Problem details:
Everything in the data except the pictures belongs in your answer, copied exactly.

Material provided:
━━━━━━━━

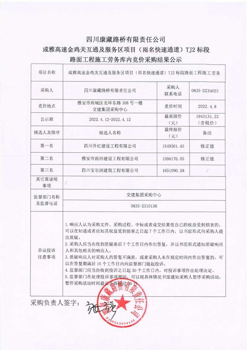 四川康藏路橋有限責(zé)任公司成雅高速金雞關(guān)互通及服務(wù)區(qū)項(xiàng)目(雨名快速通道)TJ2標(biāo)段路面工程施工勞務(wù)庫內(nèi)競價(jià)采購結(jié)果公示
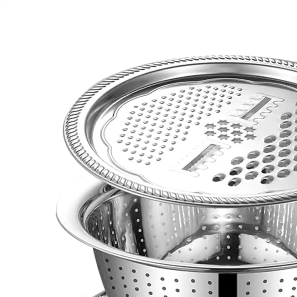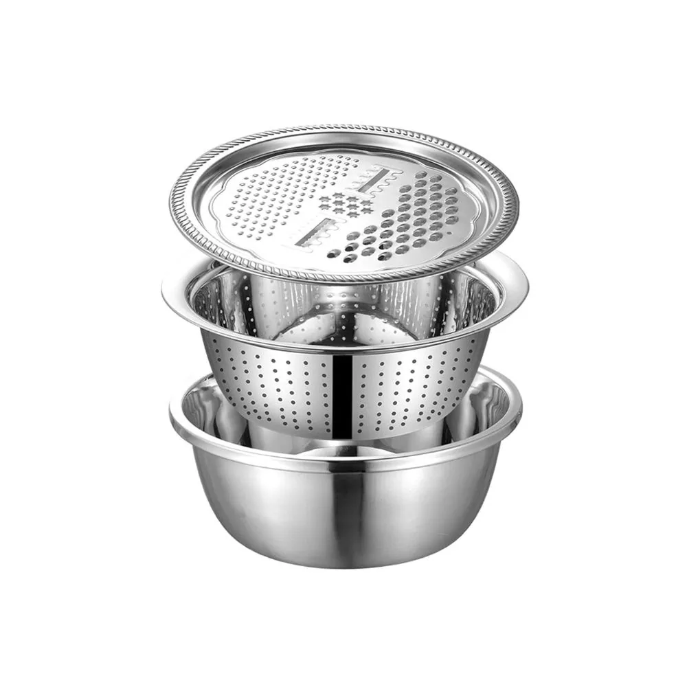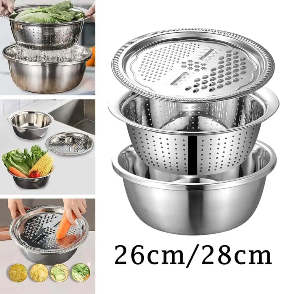 Upgrade your kitchen with the 3 in 1 Multifunctional Steel Grating Basin, an innovative tool that combines convenience, durability, and efficiency. This smart design includes a premium steel basin paired with interchangeable grater lids and a strainer, allowing you to wash vegetables, grate cheese or carrots, and mix ingredients all in one. The rust-resistant stainless steel body ensures strength and longevity, while the detachable grater makes cleaning effortless. Ideal for preparing salads, fruits, or everyday cooking, this multifunctional bowl saves time, reduces clutter, and enhances your kitchen workflow. Its non-slip base ensures stability during use, and the sleek design adds a modern touch to your kitchen essentials. Perfect for home chefs and busy households, the 3 in 1 Stainless Steel Grating Basin is a must-have for quick, organized, and healthy meal preparation.
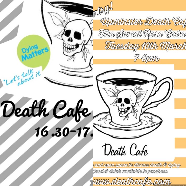Next week is a Death Cafe double bill which will still be going ahead! Monday I will be at Queen’s Hospital in Romford at 4.30pm for an hour in the restaurant area. On Tuesday the monthly Upminster Death Cafe will be at The Sweet Rose Cakery at 7pm. Anyone is welcome to attend either of these events and I’m hoping for some great discussions. Plus, I don’t need to but I will once again mentione the incredible Vegeterian Stacker at The Sweet Rose Cakery because it’s an excellent reason to attend alongside the cheery death chats.

━━━━━━━━

Solution to this exercise:
 四川康藏路橋有限責(zé)任公司成雅高速金雞關(guān)互通及服務(wù)區(qū)項(xiàng)目(雨名快速通道)TJ2標(biāo)段路面工程施工勞務(wù)庫內(nèi)競價(jià)采購結(jié)果公示
 Upgrade your kitchen with the 3 in 1 Multifunctional Steel Grating Basin, an innovative tool that combines convenience, durability, and efficiency. This smart design includes a premium steel basin paired with interchangeable grater lids and a strainer, allowing you to wash vegetables, grate cheese or carrots, and mix ingredients all in one. The rust-resistant stainless steel body ensures strength and longevity, while the detachable grater makes cleaning effortless. Ideal for preparing salads, fruits, or everyday cooking, this multifunctional bowl saves time, reduces clutter, and enhances your kitchen workflow. Its non-slip base ensures stability during use, and the sleek design adds a modern touch to your kitchen essentials. Perfect for home chefs and busy households, the 3 in 1 Stainless Steel Grating Basin is a must-have for quick, organized, and healthy meal preparation.
Next week is a Death Cafe double bill which will still be going ahead! Monday I will be at Queen’s Hospital in Romford at 4.30pm for an hour in the restaurant area. On Tuesday the monthly Upminster Death Cafe will be at The Sweet Rose Cakery at 7pm. Anyone is welcome to attend either of these events and I’m hoping for some great discussions. Plus, I don’t need to but I will once again mentione the incredible Vegeterian Stacker at The Sweet Rose Cakery because it’s an excellent reason to attend alongside the cheery death chats.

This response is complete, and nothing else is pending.